Robust diligence requires detailed assessment of financing structures 

Diligencing a dual use company (which may be relatively early in its growth journey) requires a detailed understanding of their financing structures. Again, in the U.S., government-affiliated investors such as In-Q-Tel (the CIA’s investment fund) often inject capital into early-stage businesses developing technologies in aligned areas.  

These stakes are credentializing for the business but are likely to come with extensive governance rights which may include board observer seats, information rights, and rights to negotiate future use of the technology. This is the case even where the initial investment may be relatively small.  

In preparation for an eventual exit, we are seeing private capital investors split dual-use portfolio companies into separate military and non-military arms connected by inter-group licensing agreements. The separation is designed to maximize exit value by broadening the potential acquirer base for the civilian business while preserving the higher-value military component for a more targeted sale.  

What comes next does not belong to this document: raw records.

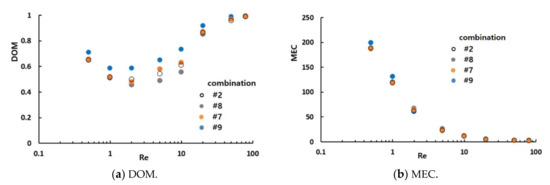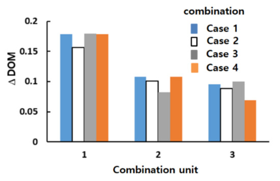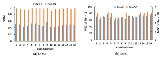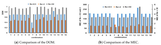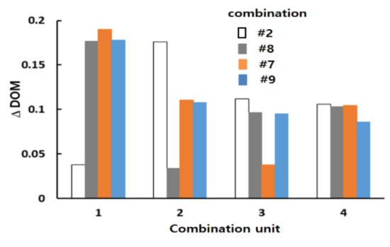 Figure 15 shows how the general combination scheme affected the DOM enhancement in the corresponding combination unit (the DOM increment in each combination unit of the four combinations for Re = 2). For example, the DOM increment in the first combination unit was calculated by the difference in the DOM between planes 0 and 1 in Figure 4. Compared to the increase in combination #9, the other combinations each showed a smaller increase in one of the four combination units. For example, the increase in the first combination unit of combination #2 was smaller than other combinations. Combination #2 did not adopt the general combination scheme in the first combination unit. Similarly, combinations #8 and #7 showed smaller increments in the second and third combination units, respectively.
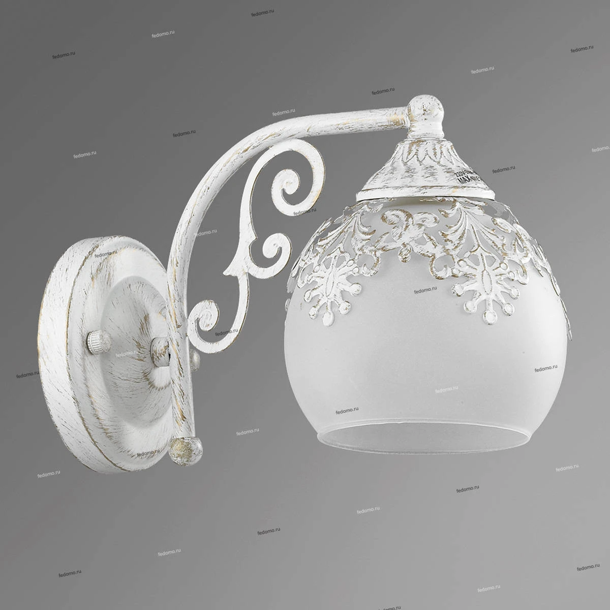 Материалы исполнения арматура, декор: металл; плафон: матовое стекло с ажурным металлическим декором. Цвет арматуры белый. Плафон в цвете: белый. Особенность: для использования со скрытой проводкой. Декор декоративная арматура, материал декора металл, цвет белый. Бра 3256/1W серии Tinetta оформлена в классическом стиле. Светильник состоит из матового стеклянного плафона с ажурным металлическим декором и арматуры белого с золотой патиной цвета, украшенной элегантными подвесками из хрусталя. Романтичность, нежность, милая красота, женственность и изящность - главные отличительные черты данной модели. Цоколь E14. Мощность 1x60W. Нет ламп в комплекте. Наименование 3256/1W LN16 175 белый/зол.патина/стекло/метал.декор/хрусталь Бра E14 60W 220V TINETTA.
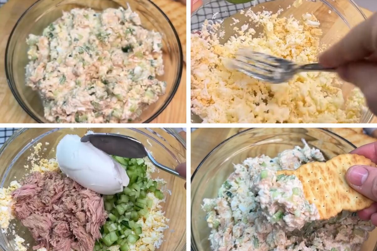 Попередньо яйця потрібно відварити, після чого розім’яти виделкою. Огірки теж слід нарізати на маленькі кубики, потім додати тунець, крем-сир і сіль. Всі інгредієнти гарно перемішуємо і все. Готову намазку можна подавати разом із хлібом або хрумкими грінками.
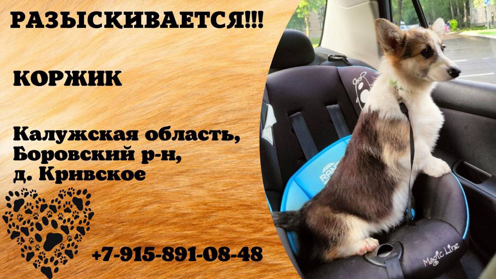 Калужская Боровский р-н, д. Кривское Пропала овчарка Здравствуйте, всё ещё ищем Коржика, убежал 28 августа в д. Кривское, нашедшему вознаграждение. Тел 89158910848 Инфо: https://vk.com/wall-198815410_151198 Автор: https://vk.com/id10843042
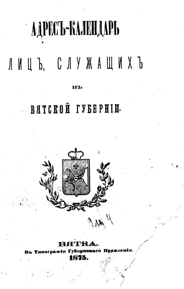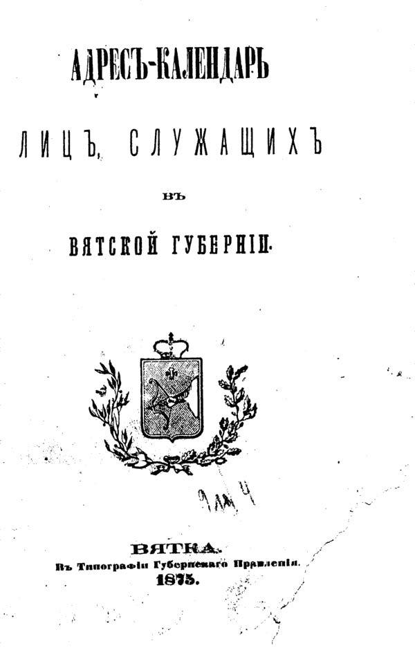 Вятка. В Типографии Губернского Правления, 1875
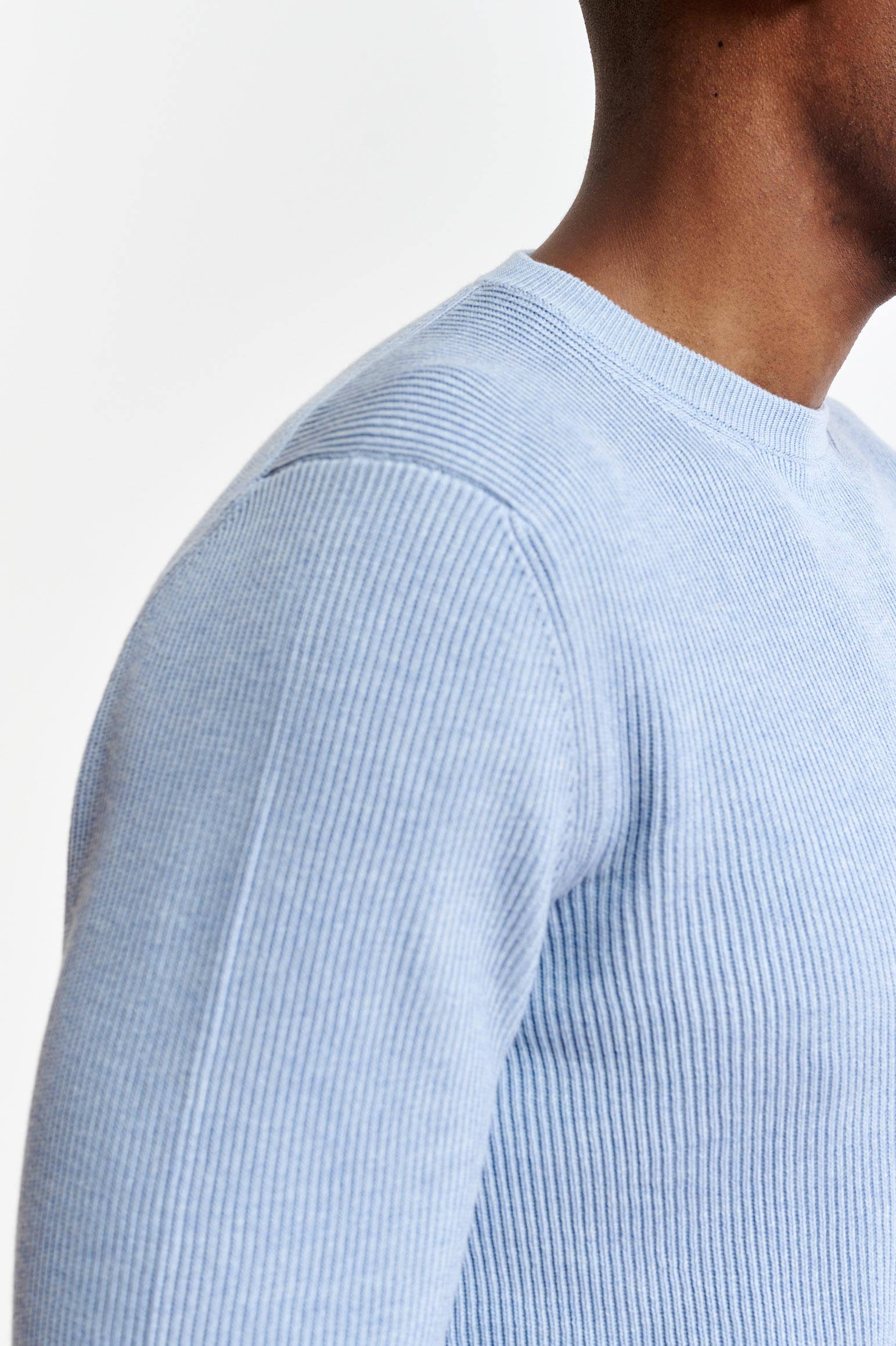 Hellblaue Melange-Harrow-Strickware aus 100 % gerippter Baumwolle
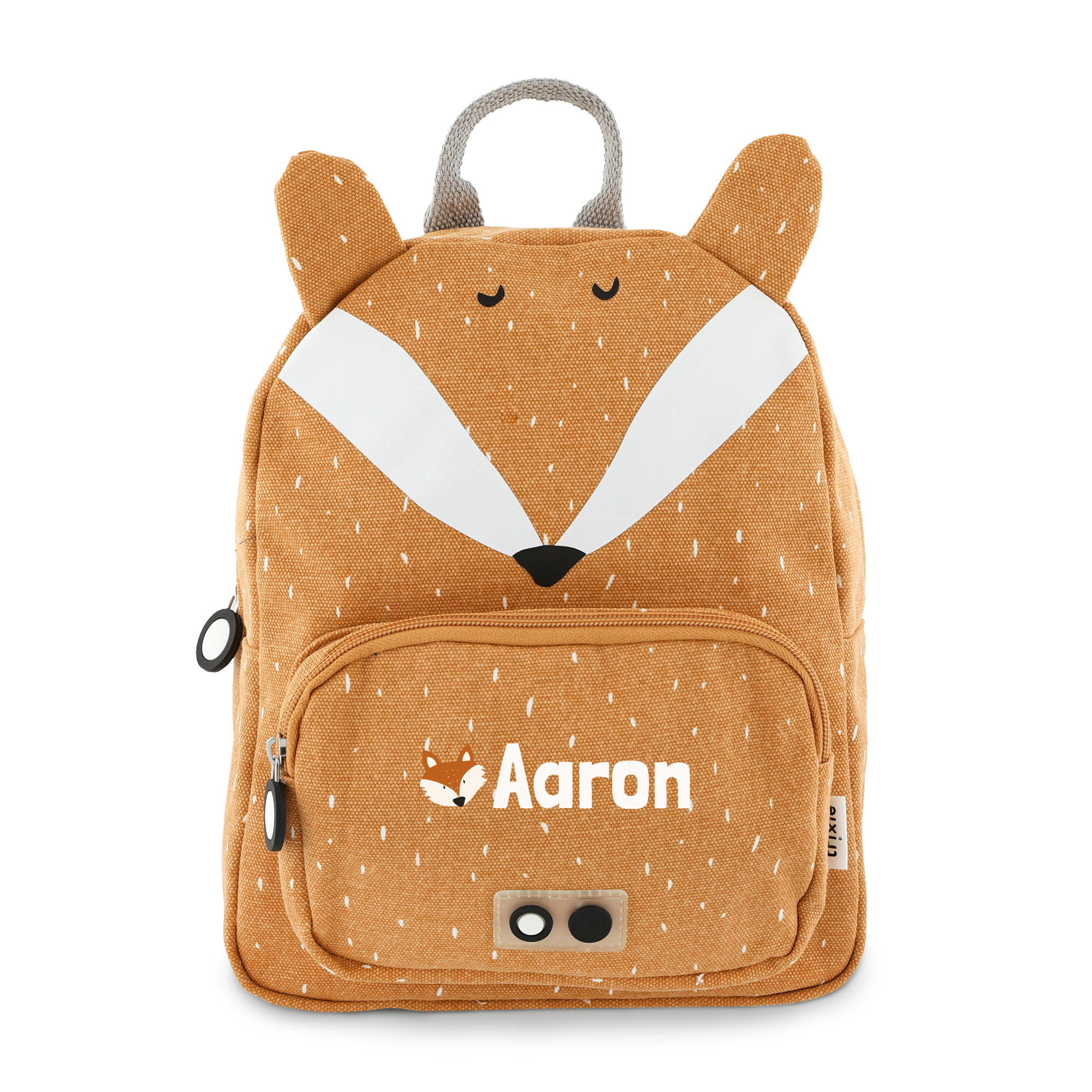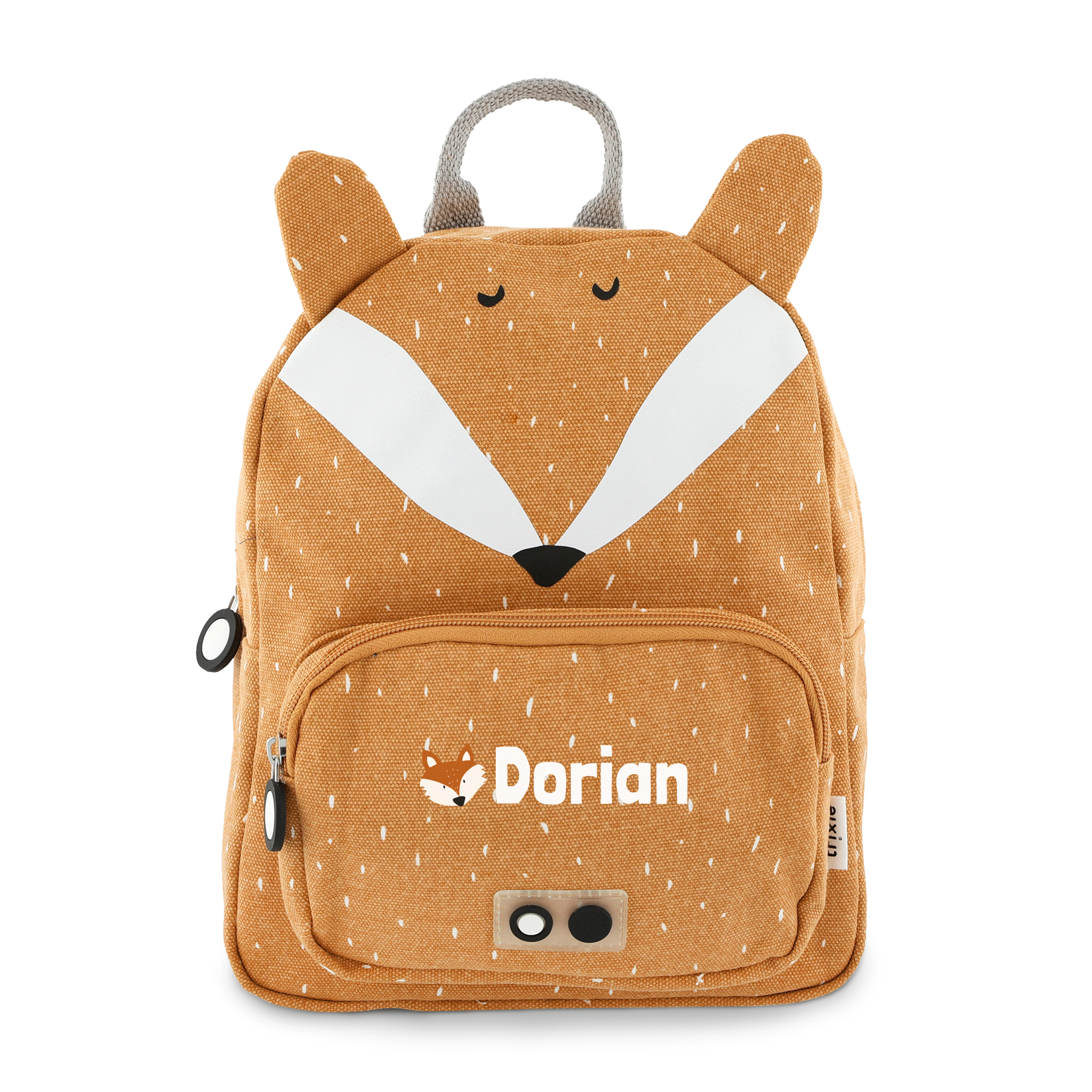 Mochila personalizada con el nombre de tu hijo, diseño adorable de zorro Trixie, perfecta para la guardería o los primeros viajes.

And as the definition of what constitutes a defense asset expands, private capital investors need to assess the profile of their existing portfolio companies with this in mind when considering their exit options. As we explore here, initial public offerings (IPOs) are an increasingly attractive option given investor interest in defense-related assets, and the fact that national security restrictions mean the universe of trade buyers for such businesses is likely to be limited.